One of the earliest signs of kidney dysfunction is the leakage of protein into the urine, medically termed proteinuria. Healthy kidneys filter waste and excess fluid, retaining essential proteins in the blood. When the filtering system is damaged, proteins escape and leak into the urine. This leakage can also increase the risk of kidney stones, which is why kidney stones and proteinuria often coexist.
Autoimmune antibodies attack the kidneys
Autoimmune diseases are a primary cause of proteinuria. Conditions like lupus nephritis, IgA nephropathy, and other forms of glomerulonephritis involve the immune system mistakenly attacking the kidney's filtering units. These filters, known as glomeruli, become inflamed and fail to prevent essential proteins from passing into the urine.
Prolonged inflammation from autoimmune conditions disrupts mineral balance in the urine, facilitating kidney stone formation. Disrupted renal control of uric acid and calcium can lead to crystallization and subsequent stone development. Early diagnosis and timely medical treatment are crucial in preventing kidney failure.
Uncontrolled diabetes
Uncontrolled diabetes is a common cause of proteinuria. Elevated blood sugar levels damage the small blood vessels within the kidneys, resulting in diabetic kidney disease.

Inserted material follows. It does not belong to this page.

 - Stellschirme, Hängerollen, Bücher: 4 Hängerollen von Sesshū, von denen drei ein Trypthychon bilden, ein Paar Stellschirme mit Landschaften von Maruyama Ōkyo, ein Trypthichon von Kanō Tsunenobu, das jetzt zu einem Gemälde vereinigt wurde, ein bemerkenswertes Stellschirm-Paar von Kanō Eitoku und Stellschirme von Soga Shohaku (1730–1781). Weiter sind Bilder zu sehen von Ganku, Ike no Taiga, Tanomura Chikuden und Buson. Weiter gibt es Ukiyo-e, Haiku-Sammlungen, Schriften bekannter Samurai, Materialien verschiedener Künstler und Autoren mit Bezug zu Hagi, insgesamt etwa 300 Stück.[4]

Over years, the filtering units thicken and stiffen, reducing their waste filtration efficiency. As these units weaken, they readily allow protein to leak into the urine.
Diabetes also impairs the body's processing of key minerals. Many individuals with high blood sugar excrete increased levels of calcium, uric acid, and oxalate in their urine. Concurrently, their bodies have lower concentrations of citrate, a natural stone inhibitor. This predisposition can lead to renal colic in diabetic patients. Poorly controlled diabetes can also result in more acidic urine, heightening the risk of uric acid stone formation.
Uncontrolled high blood pressure
Chronic high blood pressure exerts continuous pressure on the delicate kidney tissues. Over time, this pressure causes scarring, which weakens the filtering barrier. Once damaged, this barrier allows protein to leak into the urine. Uncontrolled high blood pressure also diminishes blood flow and oxygen supply to the kidneys, leading to further tissue damage.
As kidneys weaken, the mineral balance in the urine shifts. Calcium levels often rise, increasing the risk of calcium stone formation. Should kidney stones develop, they can further irritate the urinary system and elevate blood pressure, establishing a feedback loop where hypertension and kidney stones mutually exacerbate each other. Managing blood pressure is a crucial step in preventing both proteinuria and stone formation.
Congenital or hereditary kidney diseases
Some individuals are born with structural abnormalities or genetic kidney disorders. Examples include polycystic kidney disease, Alport syndrome, and congenital obstructions. Due to malformed kidneys or a genetic predisposition to weakness, proteinuria can manifest early in life.
These conditions can also impact urine flow or mineral processing. Poor drainage, recurrent infections, or abnormal tissue development can create favorable conditions for kidney stone formation. Individuals with congenital kidney disease typically require lifelong monitoring.